═══ Data supplied ═══

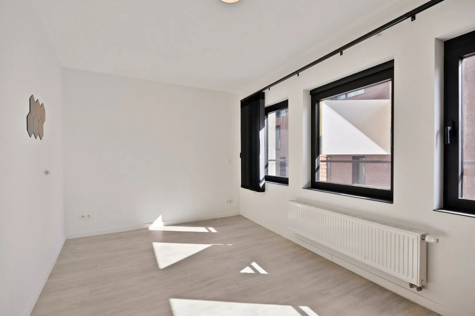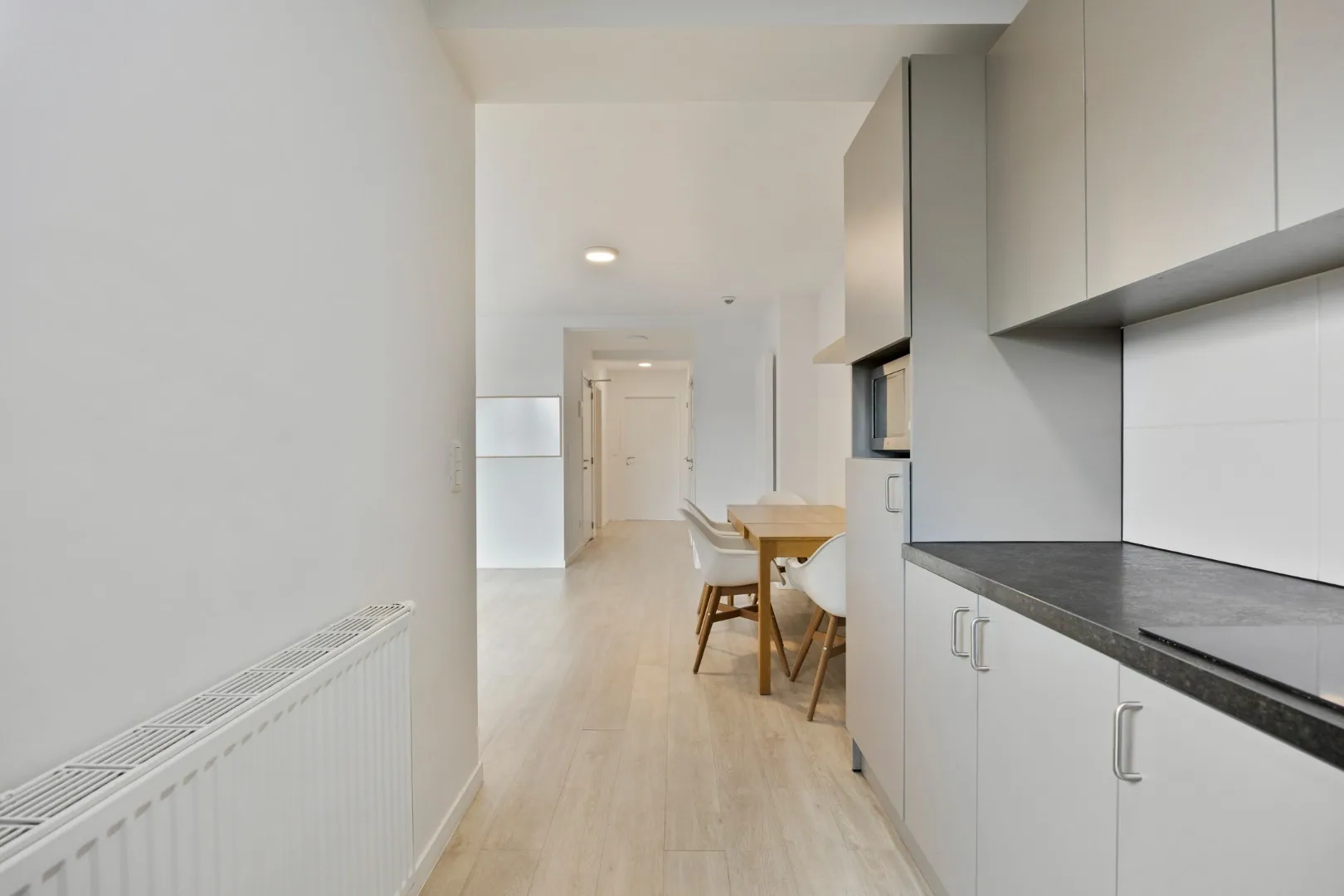 Vanuit de inkomhal hebben we toegang tot de lichtrijke leefruimte en de keuken. Deze moderne keuken is uitgerust met alle nodige toestellen en biedt veel werk- en kastruimte. De zeer ruime en lichtrijke woonkamer vormt het hart van het appartement en biedt uitzonderlijk veel ruimte voor een centrumligging. Vanuit de woonkamer bereiken we het terras van 6 m².
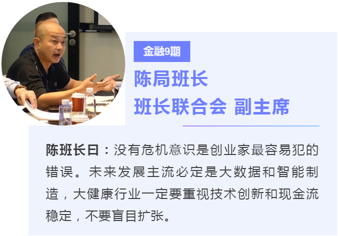 交流环节上,各位班长代表们,对于如何抓住大健康产业的红利期,结合自己的企业发展战略内容发表了独特的见解,特别是在大健康与互联网、养老、大数据分析、医疗器械及与深化传统行业等领域的探讨上展开了热烈的讨论。
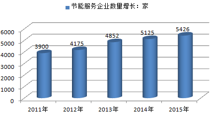 “十二五”是中國節能服務從業隊伍蓬勃發展的黃金5年。2015年全國從事節能服務業務的企業總數達到5426家,比“十一五”期末增長了近6倍;行業從業人員達到60.7萬人,比“十一五”期末的17.5萬人增長了近2.5倍。節能服務產業總產值從2010年836.29億元增長到3127.34億元,年均增長率為30.19%;合同能源管理投資從2010年287.51億元增長到1039.56億元,年均增長率為29.31%。“十二五”累計合同能源管理投資3710.72億元,形成年節能能力1.24億噸標準煤,減排二氧化碳3.1億噸。
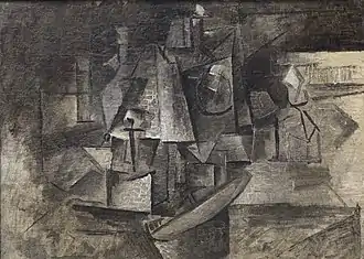 Картина является типичным примером аналитического кубизма. Особое значение Пикассо придаёт геометрическому анализу формы. Он разбивает объёмы на многогранные поверхности. Благодаря сходным текстурам, прорисованным мелкими штрихами, предметы становятся неотличимыми друг от друга. Отдельные объекты не имеют чётких границ. Серо-коричневые оттенки объединяют всю композицию, делают её монохромной и однородной. Сложно определить, что художник изобразил на холсте. Об этом можно только догадываться по некоторым деталям, напоминающим расчёску или стеклянный флакон.
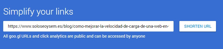 La url que queríamos acortar: https://www.soloseoysem.es/blog/como-mejorar-la-velocidad-de-carga-de-una-web-en-wordpress/
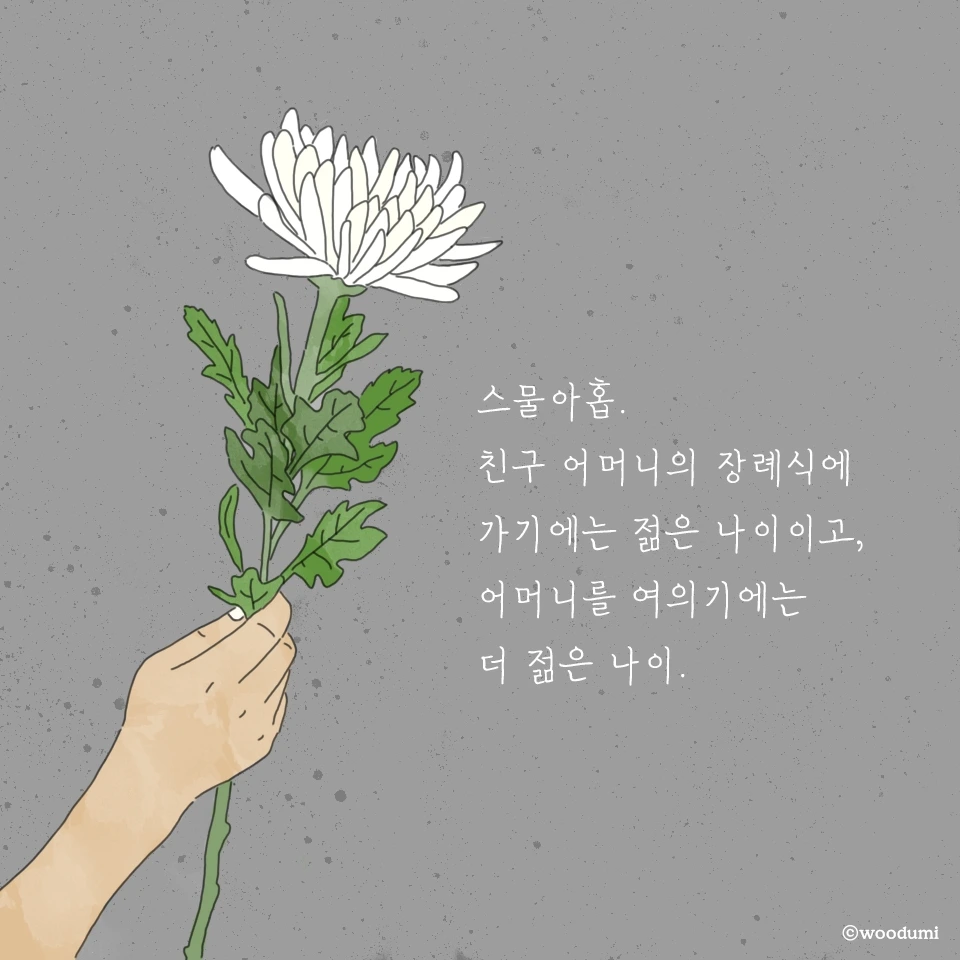 스키장을 갔다가 사우나를 하고 나오던 참이었다. 카톡을 열자 여러 개의 읽지 않은 카톡 중 단 한 사람 샬롯의 한마디 카톡이 내 눈에 꽂혔다. "듬지야 우리 엄마가 돌아가셨어". 어떤 보충 설명도 없이 단 한 문장으로 이루어진 그 말은, 심장을 요동치게 했다. 바로 전화를 걸어 샬롯의 목소리를 듣고, 장례식장 위치를 받고, 내일 당장 장례식장에 가겠노라고 대답했지만, 그때부터 흘러나오는 눈물을 주체할 수가 없었다. 나는 방금까지 스키장에서 남자친구와 즐거운 한때를 보냈는데, 샬롯이 겪었을 어제오늘의 충격과 슬픔을 도저히 짐작해볼 수가 없었기 때문이다.
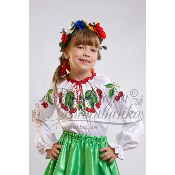 Заготовка для вишивки дитячої блузки Вишеньки призначена для часткової зашивки бісером або нитками. Схема надрукована на білому шовку екологічно чистими фарбами, які не зникають після прання. Тканина розкроєна з урахуванням необхідного запасу для зручності у роботі та пошитті виробу.
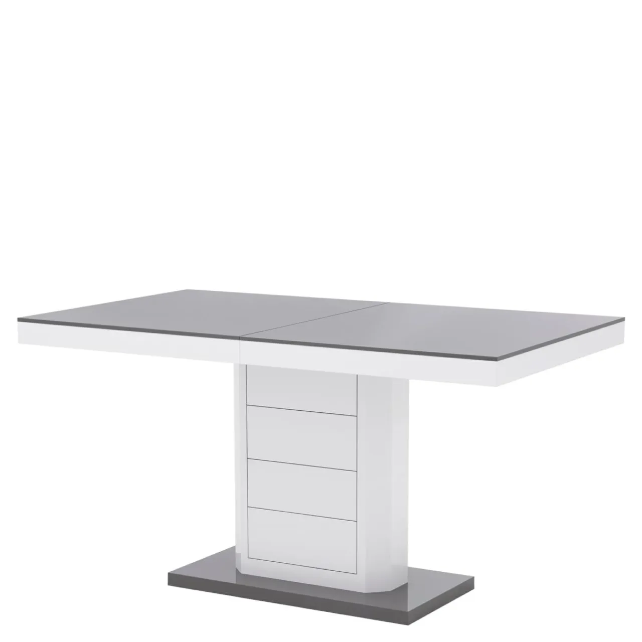 Stół z szarym blatem i podstawą wyróżnia się nowoczesnym designem i doskonale sprawdzi się w jasnych, współczesnych aranżacjach.
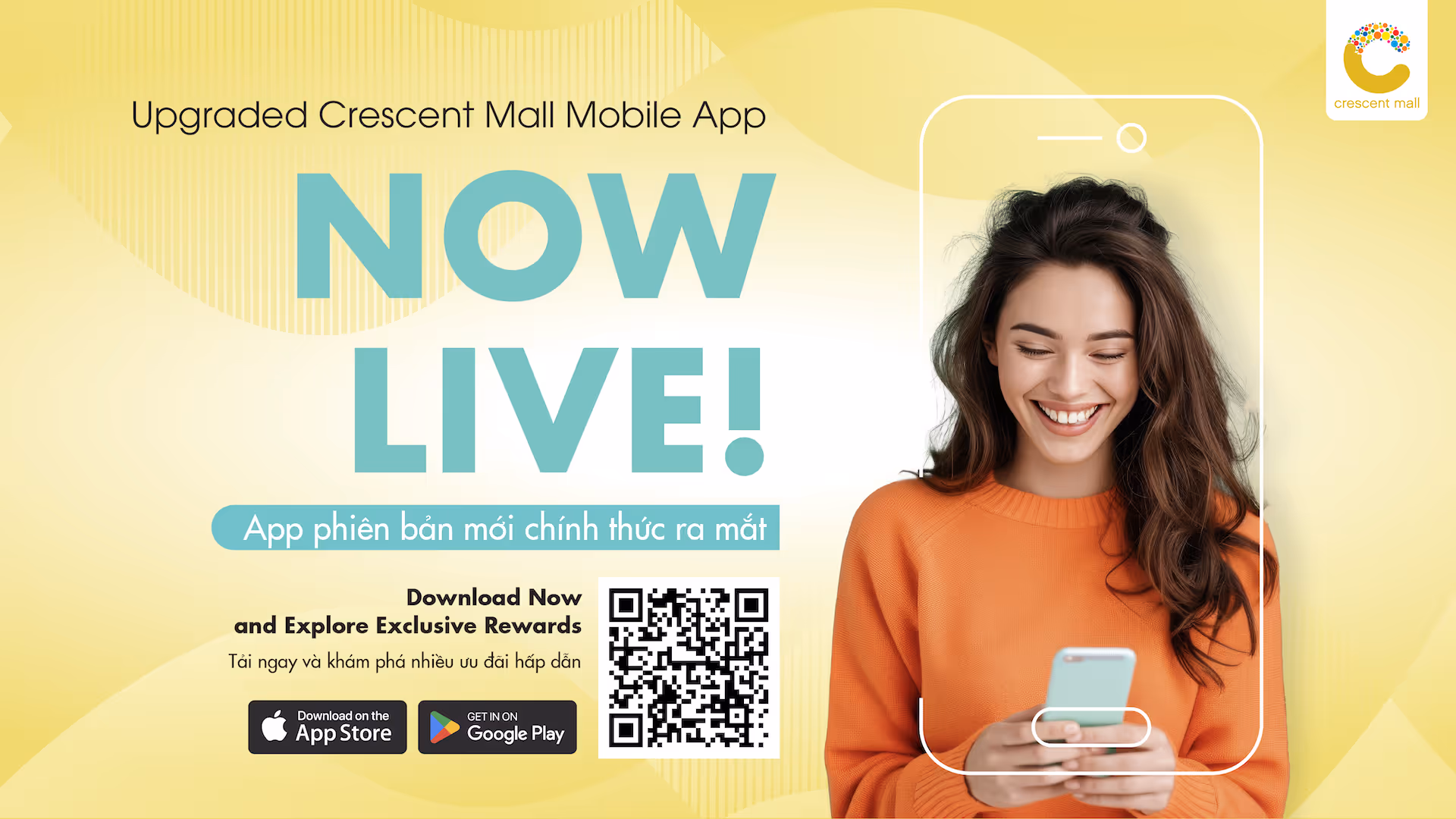Tải ứng dụng Crescent Mall Mobile từ App Store/Google Play.
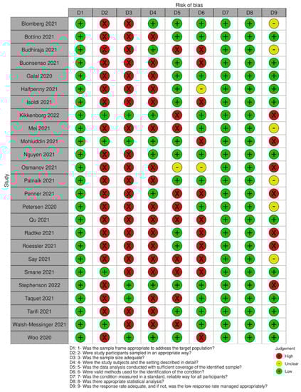 We assessed the risk of bias in each study using the JBI tool for prevalence studies [19]. This tool assesses nine domains, including sampling frame, sampling method, sample size, description of participants, data analysis coverage, validity and reliability of the measurement of the outcome, statistical methods and response rate.
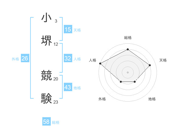 小堺 競験さんの総格は58画の4点!
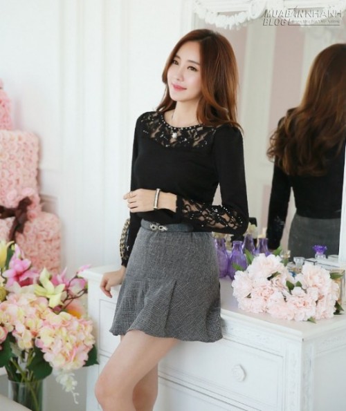 Áo dài tay đa số là áo sơ mi, hoặc áo thun dài tay đều được, bạn chọn kết hợp cùng chân váy xòe tự nhiên và khéo léo phối màu sắc cho thật hài hòa.Trong đó, chân váy xòe bạn có thể chọn xòe tự nhiên, xòe bồng bềnh, xếp ly hoặc xòe kiểu đuôi cá đều được nhé!
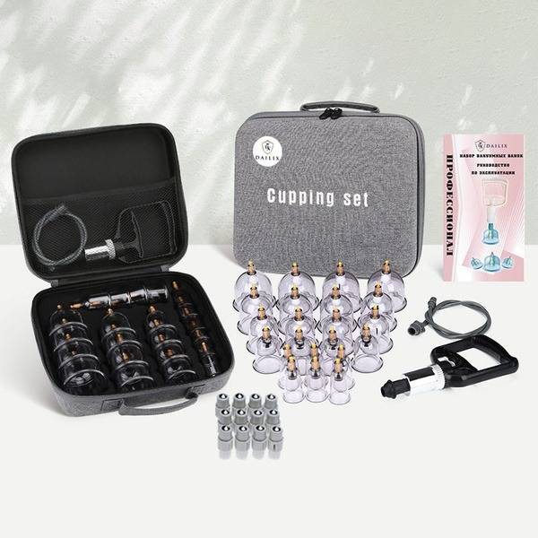 DX Dailix vacuum massage cup set combines 22 medical-grade cups with a pump and magnetic elements for structured bodywork. The kit supports vacuum massage techniques, including hijama approaches, to address skin care, muscle relaxation, and wellness routines for men and women.
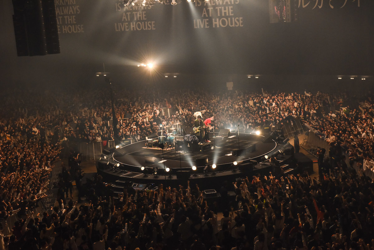 序盤の暴れ馬みたいな勢いから一転、会場の空気が変わったのは、幻のような恋をロマンチックに歌い上げた「星世界航行曲」、続けて披露された「ウルトラマリン」と「Mayday」からだろう。広大な宇宙や、悠久の時の流れに比べれば、いま自分の心の大部分を埋め尽くす狂おしい感情もちっぽけで儚いものかもしれない。そういう切なさ、弱さ、人間臭さを、体まるごとぶつけて表現する橋本のボーカルの訴求力がすさまじかった。会場を真っ赤に染めた渾身のバラード「ラブソング」の頃には、それまでダイブしたり、拳をあげたり、その演奏に身を委ねていた会場のお客さんは微動だにせず立ち尽くしていた。この日の幕張メッセには、スクリーンやレーザーのような派手な演出はなかったが、ただ、関、須藤、小松が鳴らす音と、橋本の歌さえあれば、それで十分だった。
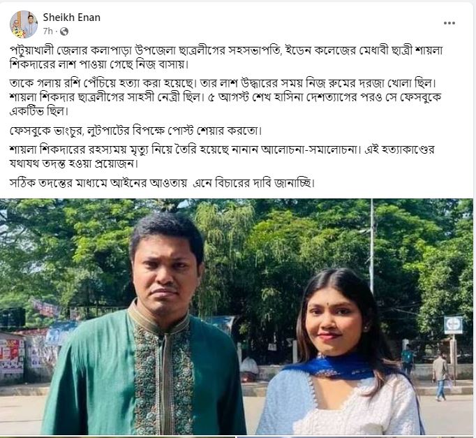 শায়লা শিকদার ছাত্রলীগের সাহসী নেত্রী ছিল। ৫ আগস্ট শেখ হাসিনা দেশত্যাগের পরও সে ফেসবুকে একটিভ ছিল। ফেসবুকে ভাংচুর, লুটপাটের বিপক্ষে পোস্ট শেয়ার করতো। শায়লা শিকদারের রহস্যময় মৃত্যু নিয়ে তৈরি হয়েছে নানান আলোচনা-সমালোচনা। এই হত্যাকাণ্ডের যথাযথ তদন্ত হওয়া প্রয়োজন। সঠিক তদন্তের মাধ্যমে আইনের আওতায় এনে বিচারের দাবি জানাচ্ছি।
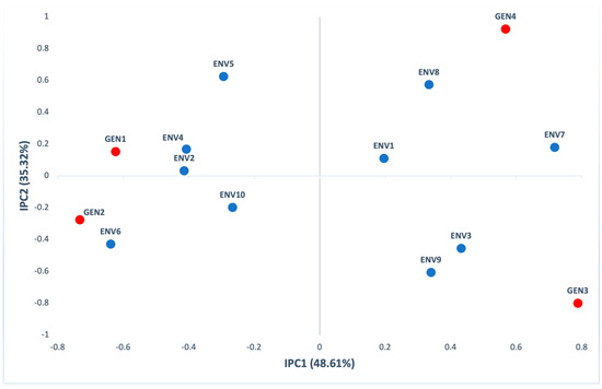 The first two principal components in AMMI analysis were significant (p < 0.001), explaining 82.13% of GE (44.49% IPC1 and 37.64% IPC2) of interaction variation (Table S3). According to the biplot of the first (IPC1) and the second (IPC2) interaction principal components (Figure 3), GEN2 had a positive interaction with five out of ten environments (ENV3, ENV4, ENV8, ENV9 and ENV10). Generally, all genotypes were located far from the biplot origin and contribute to the G×E interaction for yield. AMMI analysis is widely used for the evaluation of maize hybrids yield in multienvironment field trials [20,24,25,41,42,43], and grain yield of wheat varieties [22,36,44,45,46], seed yield of oilseed rape [23], nutritional composition of sweet potato [38], yield of sugarcane [47] and yield of chickpea [48].
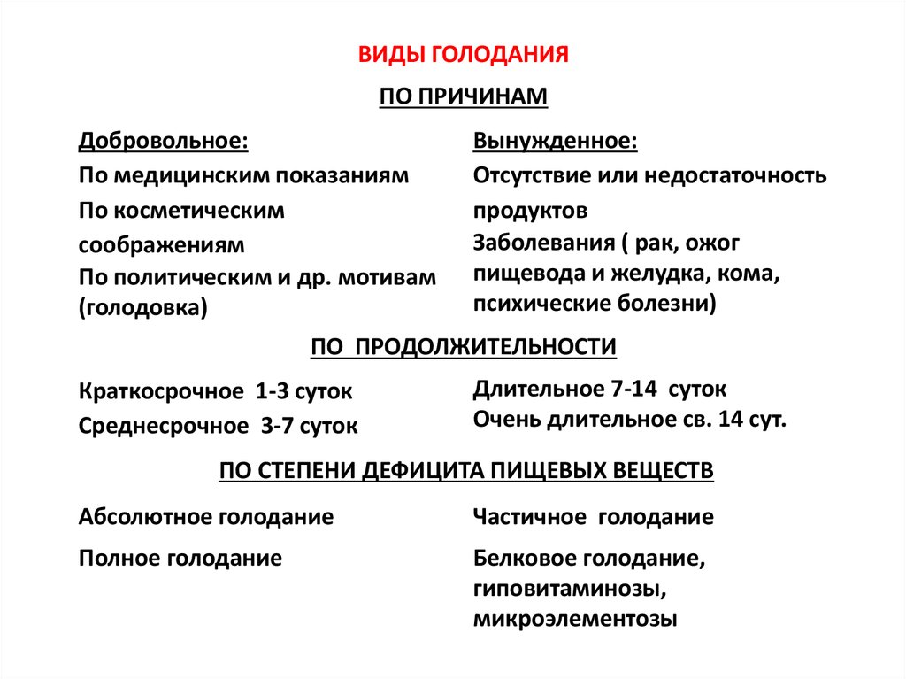 ВИДЫ ГОЛОДАНИЯПО ПРИЧИНАМ
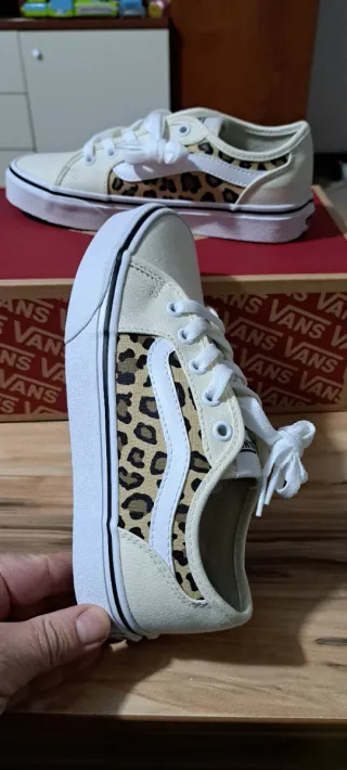 Scarpe Vans con un accattivante design. - Tomaia in tessuto color beige. - Dettagli con stampa leopardata. - Iconico sidestripe Vans bianco.
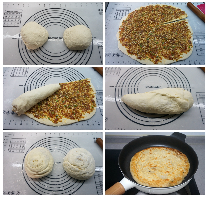 面团要揉得软一些,水量是面粉量的60%左右;肉馅中也不建议打太多的水,能混合成粗就成。太湿的肉馅在加热过程中渗出的汤汁容易将面皮泡软泡糟,吃起来也没那么香了。饼的方法很简单,就那么划一刀,再卷。上次的干香千层饼,因为要假设画一个“井”字,有朋友说有点难,而且用语言难表达,因此这次我专门做了一个超级简单的。生馅熟馅都适用,即使是普通的千层烙饼也可以用此法。
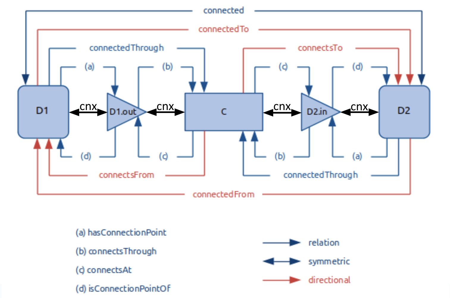 This standard can be used to describe the topology of the equipment and spaces in a building, but not the geometric details. Topology refers to the way entities are connected and how some media (e.g. water, air, or electricity) is conveyed between them. There are several different classes used to describe which entities participate in connections and how they connect: Connectables, which include the entities that are capable of connecting to each other; ConnectionPoints, which model where Connectables can be connected; and Connections, which describe physical things through which the medium is conveyed, like pipes or ducts. These Mediums (e.g. gas, electricity, water) are defined as an EnumerationKind in the standard. There are also multiple relations used to describe the details of these connections, and how the multiple entities involved in a connection relate to each other. Figure 1 summarizes these relations. Though there are many relations to describe different perspectives of a connection, only s223:cnx needs to be manually added to the model, and the rest can be automatically added to the model through the process of inference.

═══

◆ Task requirements ◆
Although pictures appear among the records above, write out exactly only the lines from the one that has "小堺 競験さんの総格は58画の4点!" through the one that has "শায়লা শিকদার ছাত্রলীগের", and leave the pictures out.

◆ Answer box ◆
 小堺 競験さんの総格は58画の4点!
 Áo dài tay đa số là áo sơ mi, hoặc áo thun dài tay đều được, bạn chọn kết hợp cùng chân váy xòe tự nhiên và khéo léo phối màu sắc cho thật hài hòa.Trong đó, chân váy xòe bạn có thể chọn xòe tự nhiên, xòe bồng bềnh, xếp ly hoặc xòe kiểu đuôi cá đều được nhé!
 DX Dailix vacuum massage cup set combines 22 medical-grade cups with a pump and magnetic elements for structured bodywork. The kit supports vacuum massage techniques, including hijama approaches, to address skin care, muscle relaxation, and wellness routines for men and women.
 序盤の暴れ馬みたいな勢いから一転、会場の空気が変わったのは、幻のような恋をロマンチックに歌い上げた「星世界航行曲」、続けて披露された「ウルトラマリン」と「Mayday」からだろう。広大な宇宙や、悠久の時の流れに比べれば、いま自分の心の大部分を埋め尽くす狂おしい感情もちっぽけで儚いものかもしれない。そういう切なさ、弱さ、人間臭さを、体まるごとぶつけて表現する橋本のボーカルの訴求力がすさまじかった。会場を真っ赤に染めた渾身のバラード「ラブソング」の頃には、それまでダイブしたり、拳をあげたり、その演奏に身を委ねていた会場のお客さんは微動だにせず立ち尽くしていた。この日の幕張メッセには、スクリーンやレーザーのような派手な演出はなかったが、ただ、関、須藤、小松が鳴らす音と、橋本の歌さえあれば、それで十分だった。
 শায়লা শিকদার ছাত্রলীগের সাহসী নেত্রী ছিল। ৫ আগস্ট শেখ হাসিনা দেশত্যাগের পরও সে ফেসবুকে একটিভ ছিল। ফেসবুকে ভাংচুর, লুটপাটের বিপক্ষে পোস্ট শেয়ার করতো। শায়লা শিকদারের রহস্যময় মৃত্যু নিয়ে তৈরি হয়েছে নানান আলোচনা-সমালোচনা। এই হত্যাকাণ্ডের যথাযথ তদন্ত হওয়া প্রয়োজন। সঠিক তদন্তের মাধ্যমে আইনের আওতায় এনে বিচারের দাবি জানাচ্ছি।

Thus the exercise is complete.